The Correct Option is D

Step 1: Understanding the Concept:
To determine the properties of the relation R on the set A, we need to check for three conditions: reflexivity, symmetry, and transitivity.
First, let's list the ordered pairs in the relation R based on the rule \(b = a + 2\).
For \(a=1, b=1+2=3\), so \((1,3) \in R\).
For \(a=2, b=2+2=4\), so \((2,4) \in R\).
For \(a=3, b=3+2=5\), so \((3,5) \in R\).
For \(a=4, b=4+2=6\), which is not in set A.
For \(a=5, b=5+2=7\), which is not in set A.
So, the relation is \(R = \{ (1,3), (2,4), (3,5) \}\).
Step 2: Key Formula or Approach:
Reflexivity: A relation is reflexive if \((a,a) \in R\) for every \(a \in A\).
Symmetry: A relation is symmetric if \((a,b) \in R\) implies \((b,a) \in R\) for all \(a,b \in A\).
Transitivity: A relation is transitive if \((a,b) \in R\) and \((b,c) \in R\) implies \((a,c) \in R\) for all \(a,b,c \in A\).
Step 3: Detailed Explanation:
Checking for Reflexivity:
For R to be reflexive, \((1,1), (2,2), (3,3), (4,4), (5,5)\) must be in R.
However, none of these pairs are in R. For example, for \(a=1\), \(b=1 \neq 1+2\), so \((1,1) \notin R\).
Thus, R is not reflexive.
Checking for Symmetry:
For R to be symmetric, if \((a,b) \in R\), then \((b,a)\) must also be in R.
We have \((1,3) \in R\). For symmetry, \((3,1)\) should be in R.
But for \((3,1)\), we have \(a=3, b=1\). The condition \(b = a+2\) becomes \(1 = 3+2\), which is false. So \((3,1) \notin R\).
Thus, R is not symmetric.
Checking for Transitivity:
For R to be transitive, if \((a,b) \in R\) and \((b,c) \in R\), then \((a,c)\) must be in R.
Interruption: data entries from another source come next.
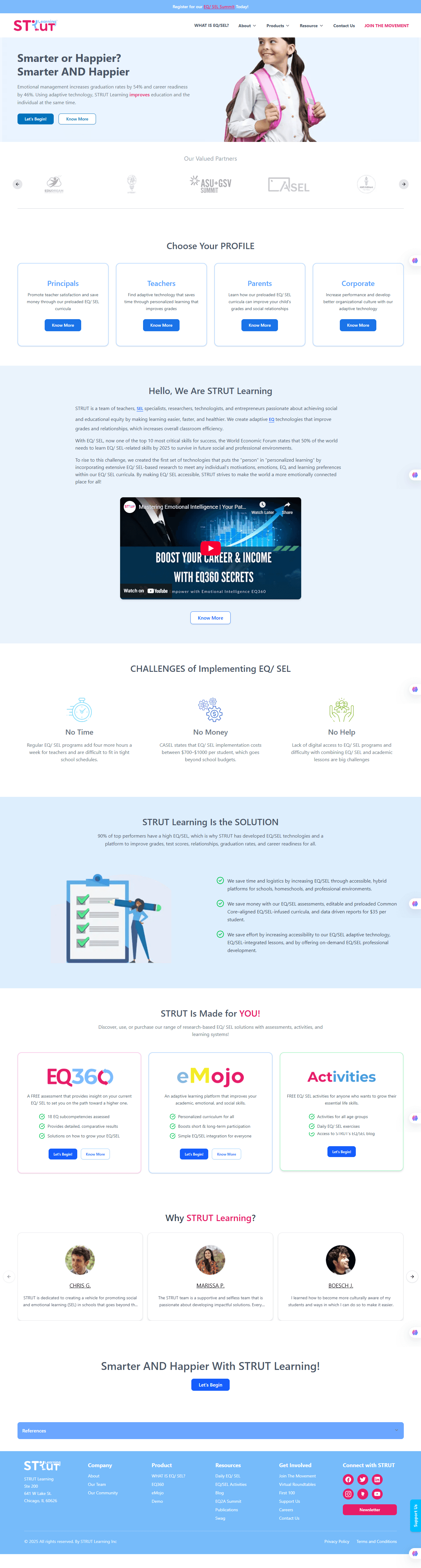 Learn2Strut is an educational platform that helps individuals and schools improve emotional intelligence (EQ) and social-emotional learning (SEL) through adaptive, research-based tools, assessments, and curricula.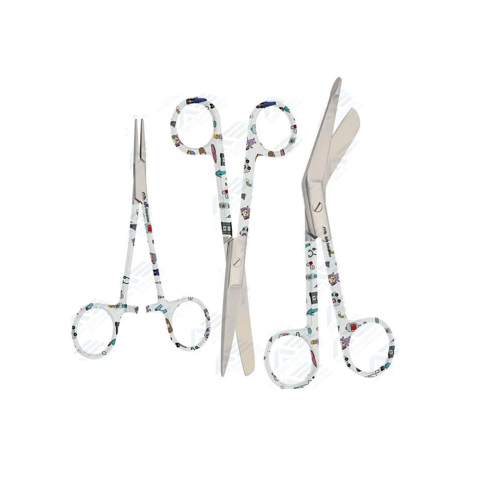 Juego de instrumentos de vestidor con patrón de impresión de Color personalizado, tijeras de enfermera de acero inoxidable, Kit de instrumentos médicos quirúrgicos manuales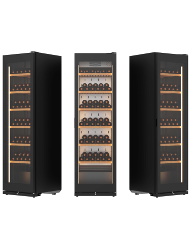 | Ideal para vinotecas, bares y tiendas especializadas, hoteles y restaurantes. Diseño interior amplio y atractivo con estantes de madera e iluminación LED. |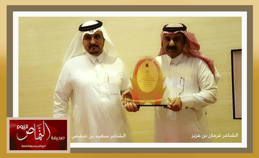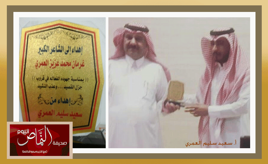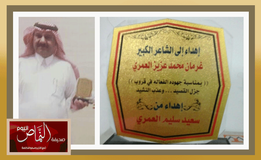 أقام الشاعر غرمان بن عزيز العمري مسابقة شعرية في ديوانية ( جزل القصيد وعذب النشيد ) للشعراء والمنشدين . وهي عبارة عن خمسة أبيات يكتبها الشاعر بعنوان ( جنودنا على حدودنا ) وتنافس على هذه المسابقة أكثر من 130 شاعر ومنشد، وقد فاز بهذه المسابقة الشعرية الوطنية الشاعر سعيد بن عنقص القحطاني، وتسابق على انشادها عدداً من المنشدين وفاز بها المنشد عبدالعزيز مبارك الاسمري، وتم تكريمهم – الشاعر والمنشد – بدروع تذكارية قدمها لهم الشاعر غرمان بن عزيز، ومن ثم قام الشاعر أ. سعيد سليم العمري – أحد شعراء الديوانية – بتقديم درع تذكاري لراعي المسابقة الشاعر المعروف والمحبوب ا. غرمان بن عزيز نظير فكرته ودعمه لها . تجدر الاشارة إلى أن أداء القصيد بالإنشاد سيكون بعد شهر رمضان الكريم، وسوف يتم نشرها هنا في – النماص اليوم – بإذن الله .
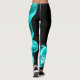 Abstract swirls of smoke in teal blue popping on a black background, modern on trend funky leggings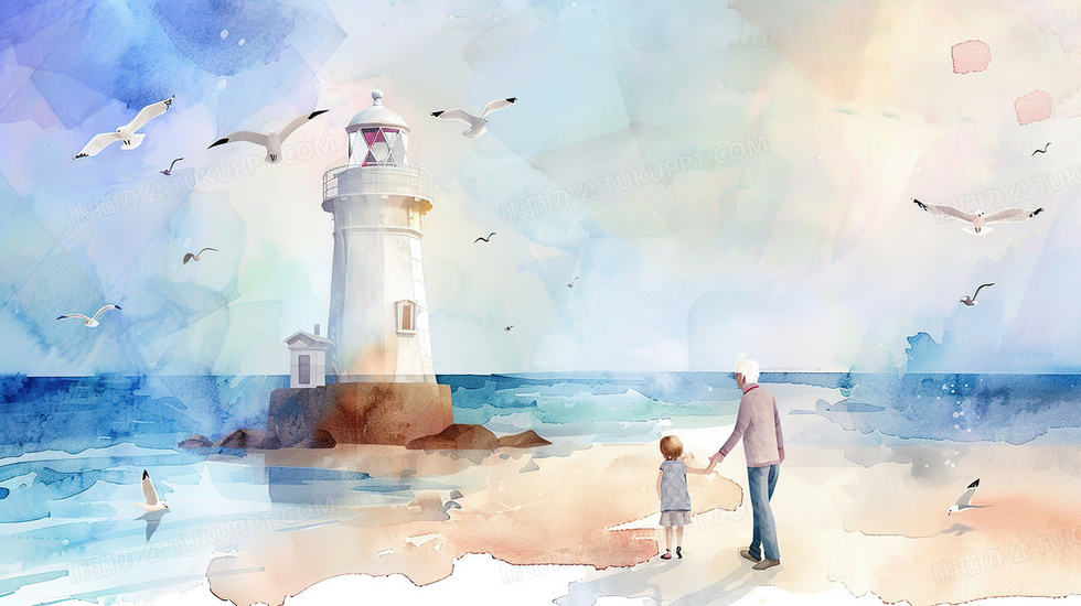 本作品内容为大海灯塔边的父女插画, 格式为 jpg, 大小3 MB, 图片尺寸为2912 x 1632, 源文件无水印, 欢迎使用熊猫办公。 如认为平台内容涉嫌侵权,可通过邮件:tousu@tukuppt.com提出书面通知,我们将及时处理。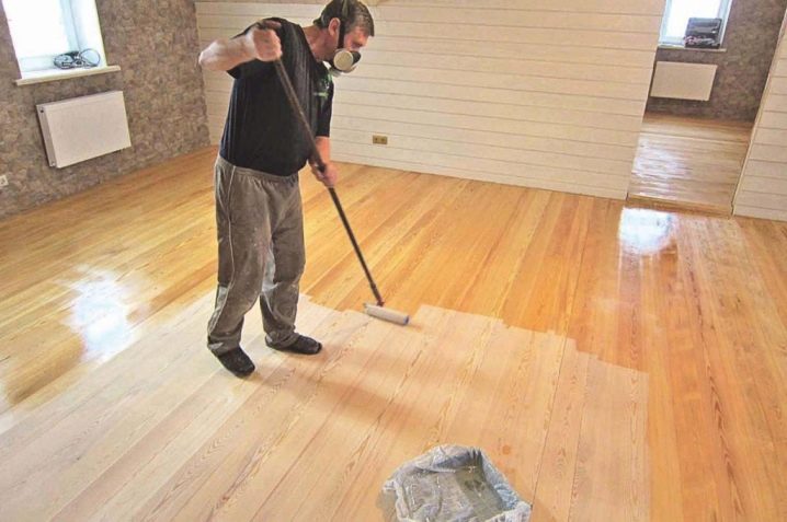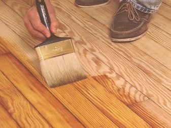 قبل تطبيق المادة ، من الضروري القيام بالأعمال التحضيرية لإعداد القاعدة. يتم تسوية السطح الخشبي عن طريق الطحن ، ويتم إصلاح جميع الشقوق. بعد تنظيف القاعدة من الغبار والأوساخ ، ابدأ عملية الطلاء.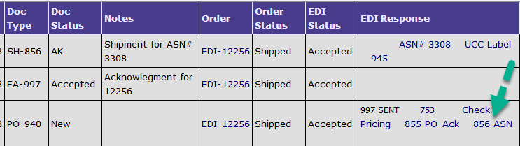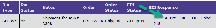 The ASN is filled out and when the window is closed, the ASN number is displayed in the EDI Response column.

Let's check for pairs that satisfy the condition. We have \((1,3) \in R\). We also have a pair starting with 3, which is \((3,5) \in R\).
So we have \((a,b)=(1,3)\) and \((b,c)=(3,5)\). For transitivity, \((a,c)=(1,5)\) must be in R.
Let's check if \((1,5)\) satisfies the condition \(b=a+2\). Here \(a=1, b=5\). The condition is \(5 = 1+2\), which is false. So \((1,5) \notin R\).
Thus, R is not transitive.
Step 4: Final Answer:
The relation R is not reflexive, not symmetric, and not transitive.